Course: Entree
Cuisine: American
Keyword: vegan white chili, vegetarian white bean chili, white chili vegan
Prep Time: 10 minutes minutes
Cook Time: 30 minutes minutes
Total Time: 40 minutes minutes
Servings: 8 large servings
Author: Ashley
This Vegan White Bean Chili is a plant protein-packed white chili recipe with a thick chili texture thanks to one easy technique. Top with an abundance of toppings, enjoy for meal prep or freeze for later.
Print Recipe
- 1 tablespoon olive oil
- 1 medium onion diced
- 2 garlic cloves minced
- 1 teaspoon ancho chili powder can sub chili powder
- 1 tablespoon ground cumin
- 1 1/2 teaspoons ground coriander
- 1/8 teaspoon cayenne pepper
- 3/4 teaspoon kosher salt to taste
- ½ teaspoon ground black pepper
- 2 15 ounce cans Great Northern Beans (or other white beans), drained and rinsed, divided
- 1 15 ounce can chickpeas, drained and rinsed
- 6 small yellow potatoes chopped
- 1 4 ounce can green chilis
- 1 8.75 oz can corn, drained and rinsed (about 1 cup cooked corn)
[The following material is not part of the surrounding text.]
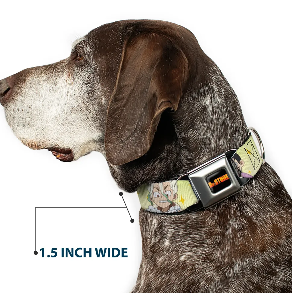 DR. STONE Title Logo Full Color Black/Orange Seatbelt Buckle Collar – Dr. Stone Chibi Senku and Gen Faces Stars Yellows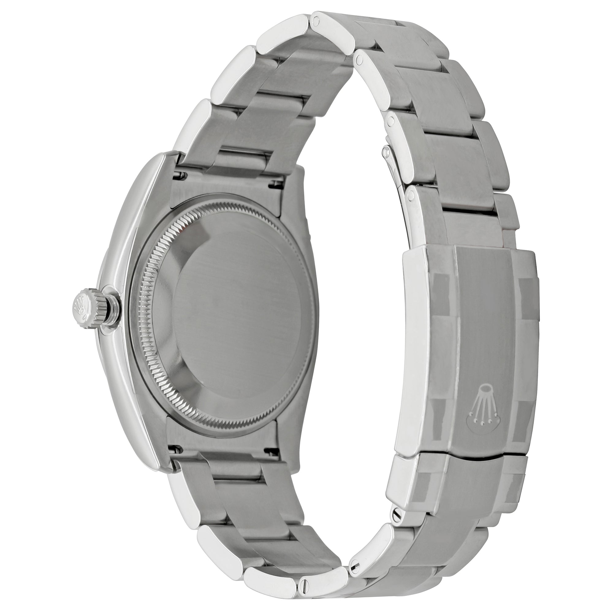 This pre-owned Rolex Oyster Perpetual 114200 is in unworn condition and comes with: Rolex Box & Papers. This watch is unworn with stickers. Max wrist size: 725 in.

- 3 cups low-sodium vegetable broth
- 2 limes juiced
- 1/2 cup chopped cilantro
Toppings
- vegan sour cream
- vegan cheese
- avocado
- tortilla chips
- green onions
- fresh cilantro
Sauté vegetables: Heat large Dutch oven or heavy bottomed pot to medium-high heat. Add oil, onions, garlic, chili seasonings plus salt and pepper; sauté until soft and fragrant, about 5 minutes.
Mash beans: Meanwhile, take one can of white beans and mash; set aside.
Simmer: Add in remaining whole white beans, chickpeas, chopped potatoes, green chilis, corn and vegetable broth; bring to a simmer for 20 minutes, uncovered.
Check potatoes: After 20 minutes of simmering, taste test (you might find you want additional salt here). Check potatoes are tender.
Finish & Serve: Add in mashed beans, lime juice and cilantro. Simmer for another 5 minutes. Option to use a masher in the whole pot of chili to thicken some more. Serve with your favorite toppings!